**Task to complete:** Exact copy, no pictures: take the lines of the listing below from the first through the one containing "Rénovation intérieure d’un".

**Source material:**

^^^^^^^^^^^^^^^^

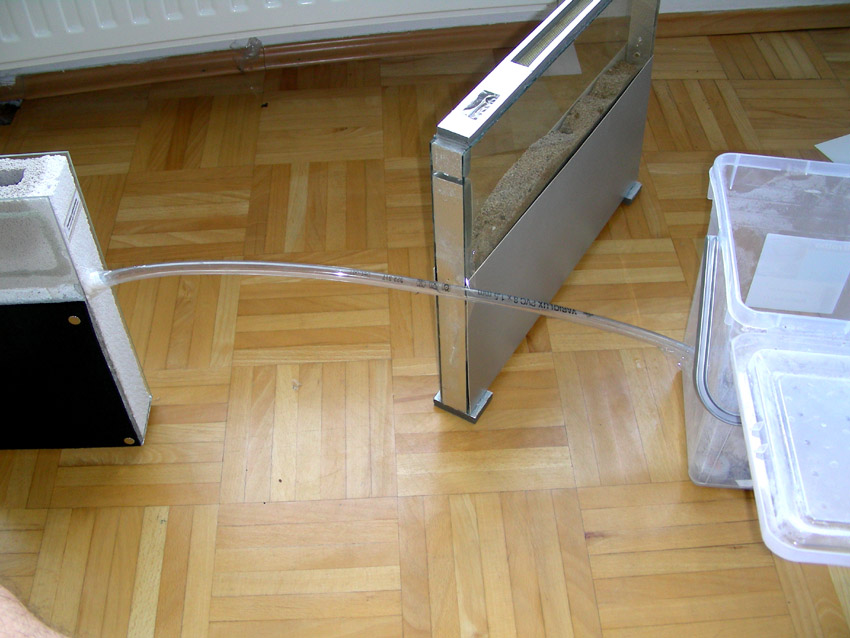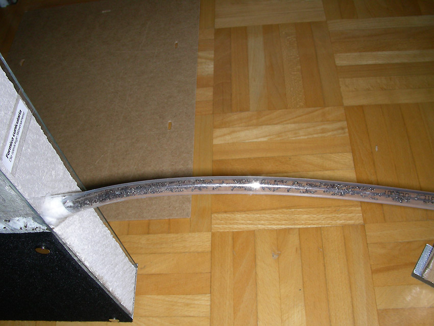 Das unterband ich bis jetzt ganz gut indem ich diese komplett mit Uhu-Alleskleber beschmierte und alles mit einer harten Schicht Uhu überzogen habe - durch den sie sich nicht mehr beißen können. Der Berg an weißen Uhu-Klebepads Teilchen wurde aber trotzdem von Tag zu Tag größer und werd wohl doch bald was anderes als Schlauch-Formikarium-Abdichtung verwenden müssen. Alle Arten von Insekten wurden bis jetzt einwandfrei bis zum Formikarium durch den Schlauch transportiert und dies auch durch größere Steigungen.
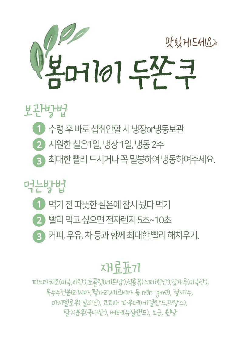 | 원재료명 및 함량 | 피스타치오(미국,이란),초콜릿(베트남),식용유(스페인산),밀가루(미국산), 옥수수전분(러시아,헝가리,세르비아 등 non-gmo), 정제수, 마시멜로우(필리핀), 코코아 파우더(네덜란드,프랑스), 탈지분유(국내산), 버터(뉴질랜드), 소금, 원당 |
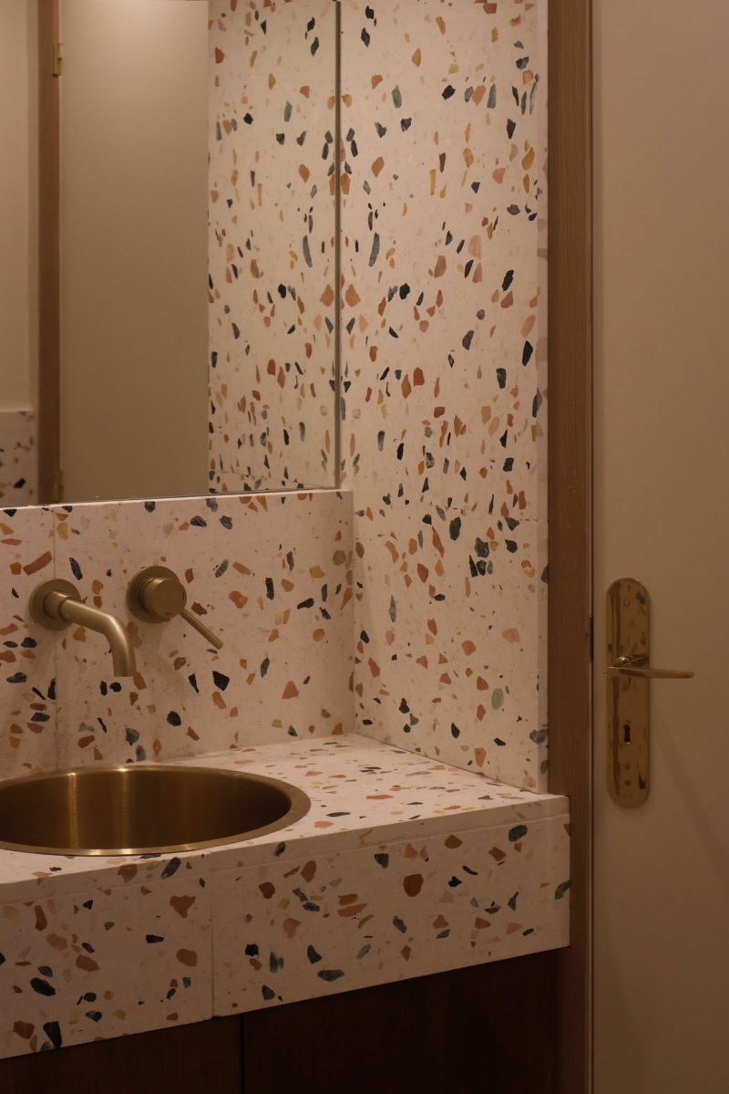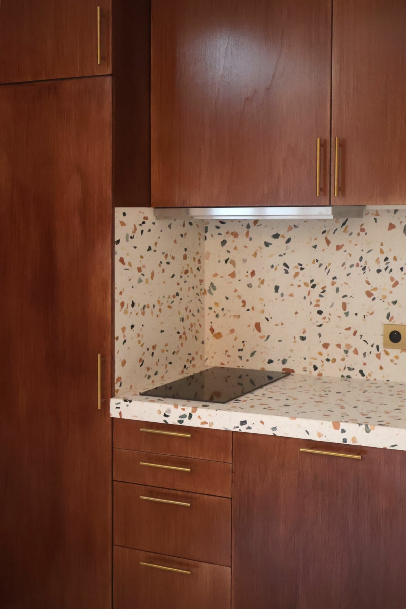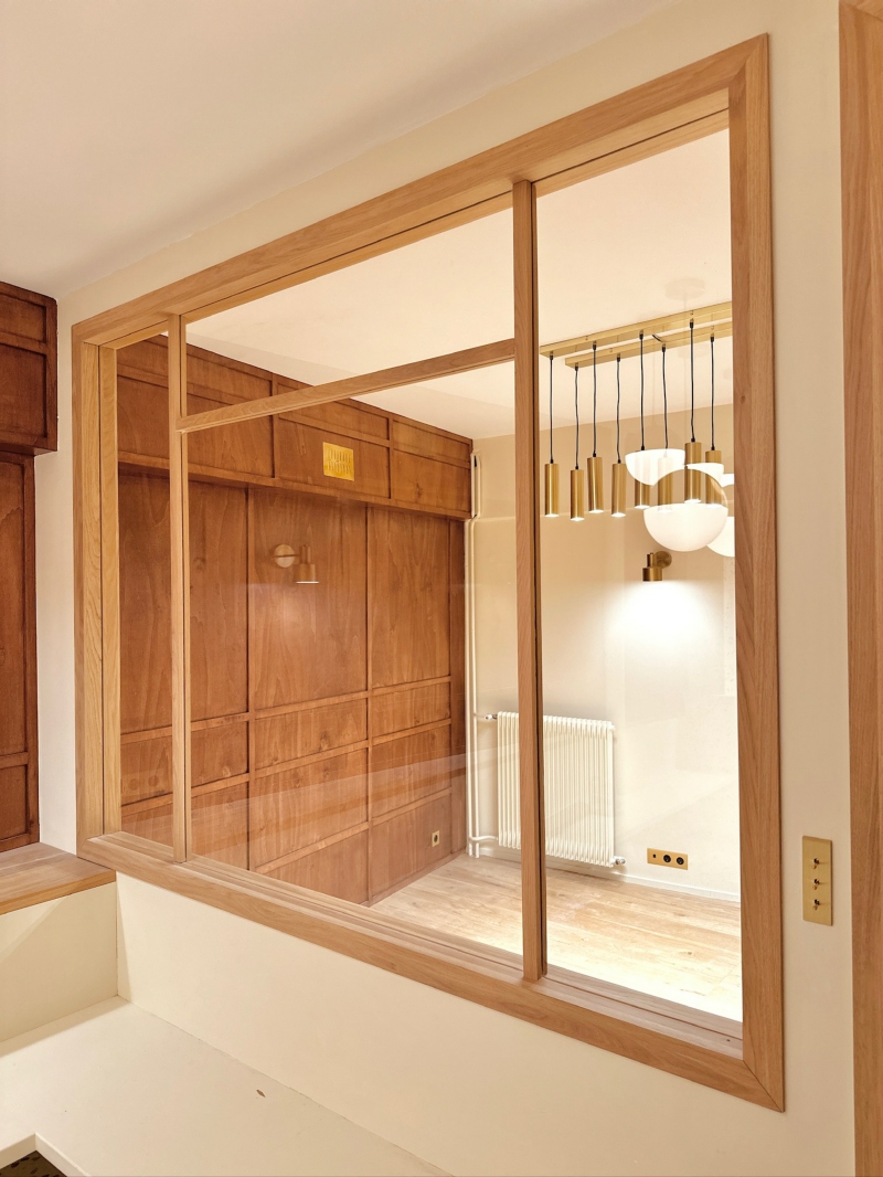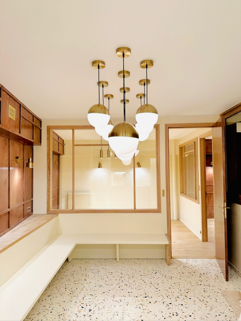 Rénovation intérieure d’un plateau de bureaux situé dans le 19e arrondissement de Paris. Le style choisi pour cet espace est inspiré des années 70. Les 100 m² de bureaux s’organisent autour d’un patio central et seule une façade ouvre sur l’extérieur et permet un second apport de lumière naturelle. Le challenge/objectif fut l’optimisation des circulations pour minimiser les surfaces inutilisées et la gestion des espaces par rapport aux apports de lumière restreints.
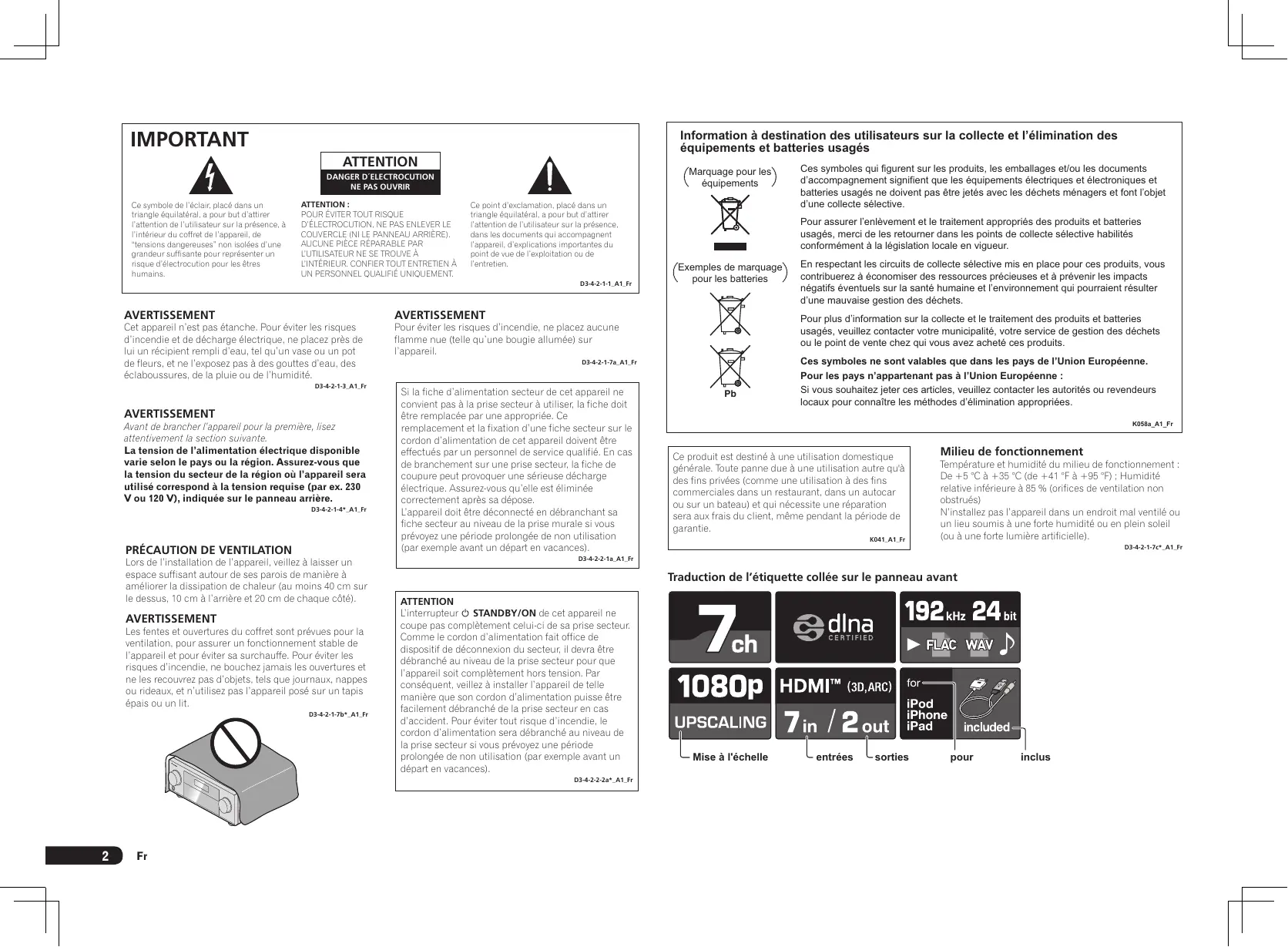 Ces symboles ne sont valables que dans les pays de l’Union Européenne. Pour les pays n’appartenant pas à l’Union Européenne : Si vous souhaitez jeter ces articles, veuillez contacter les autorités ou revendeurs locaux pour connaître les méthodes d’élimination appropriées. K058a_A1_Fr Ce produit est destiné à une utilisation domestique générale. Toute panne due à une utilisation autre qu'à des fins privées (comme une utilisation à des fins commerciales dans un restaurant, dans un autocar ou sur un bateau) et qui nécessite une réparation sera aux frais du client, même pendant la période de garantie. K041_A1_Fr Milieu de fonctionnement Température et humidité du milieu de fonctionnement : De +5 °C à +35 °C (de +41 °F à +95 °F) ; Humidité relative inférieure à 85 % (orifices de ventilation non obstrués) N’installez pas l’appareil dans un endroit mal ventilé ou un lieu soumis à une forte humidité ou en plein soleil (ou à une forte lumière artificielle). D3-4-2-1-7c*_A1_Fr D3-4-2-2-1a_A1_Fr Traduction de l’étiquette collée sur le panneau avant ATTENTION L’interrupteur STANDBY/ON de cet appareil ne coupe pas complètement celui-ci de sa prise secteur. Comme le cordon d’alimentation fait office de dispositif de déconnexion du secteur, il devra être débranché au niveau de la prise secteur pour que l’appareil soit complètement hors tension. Par conséquent, veillez à installer l’appareil de telle manière que son cordon d’alimentation puisse être facilement débranché de la prise secteur en cas d’accident. Pour éviter tout risque d’incendie, le cordon d’alimentation sera débranché au niveau de la prise secteur si vous prévoyez une période prolongée de non utilisation (par exemple avant un départ en vacances). D3-4-2-2-2a*_A1_Fr
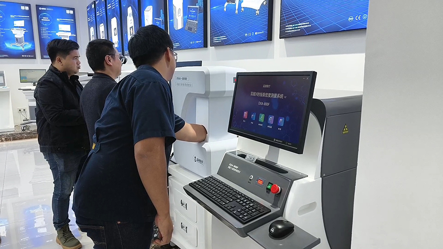 產品體驗環節,在技術人員協助下,客戶代表依次體驗雙能X射線骨密度儀、超聲骨密度儀、動脈硬化檢測儀等產品。客戶代表按指引將前臂放置于檢測區域,雙能X射線骨密度儀作為診斷骨質疏松的“金標準”,利用高低能射線掃描,完成前臂骨密度數據采集,報告以彩色圖譜標注骨密度分布及骨量分級。

^^^^^^^^^^^^^^^^

**Answer area:**
 Das unterband ich bis jetzt ganz gut indem ich diese komplett mit Uhu-Alleskleber beschmierte und alles mit einer harten Schicht Uhu überzogen habe - durch den sie sich nicht mehr beißen können. Der Berg an weißen Uhu-Klebepads Teilchen wurde aber trotzdem von Tag zu Tag größer und werd wohl doch bald was anderes als Schlauch-Formikarium-Abdichtung verwenden müssen. Alle Arten von Insekten wurden bis jetzt einwandfrei bis zum Formikarium durch den Schlauch transportiert und dies auch durch größere Steigungen.
 | 원재료명 및 함량 | 피스타치오(미국,이란),초콜릿(베트남),식용유(스페인산),밀가루(미국산), 옥수수전분(러시아,헝가리,세르비아 등 non-gmo), 정제수, 마시멜로우(필리핀), 코코아 파우더(네덜란드,프랑스), 탈지분유(국내산), 버터(뉴질랜드), 소금, 원당 |
 Rénovation intérieure d’un plateau de bureaux situé dans le 19e arrondissement de Paris. Le style choisi pour cet espace est inspiré des années 70. Les 100 m² de bureaux s’organisent autour d’un patio central et seule une façade ouvre sur l’extérieur et permet un second apport de lumière naturelle. Le challenge/objectif fut l’optimisation des circulations pour minimiser les surfaces inutilisées et la gestion des espaces par rapport aux apports de lumière restreints.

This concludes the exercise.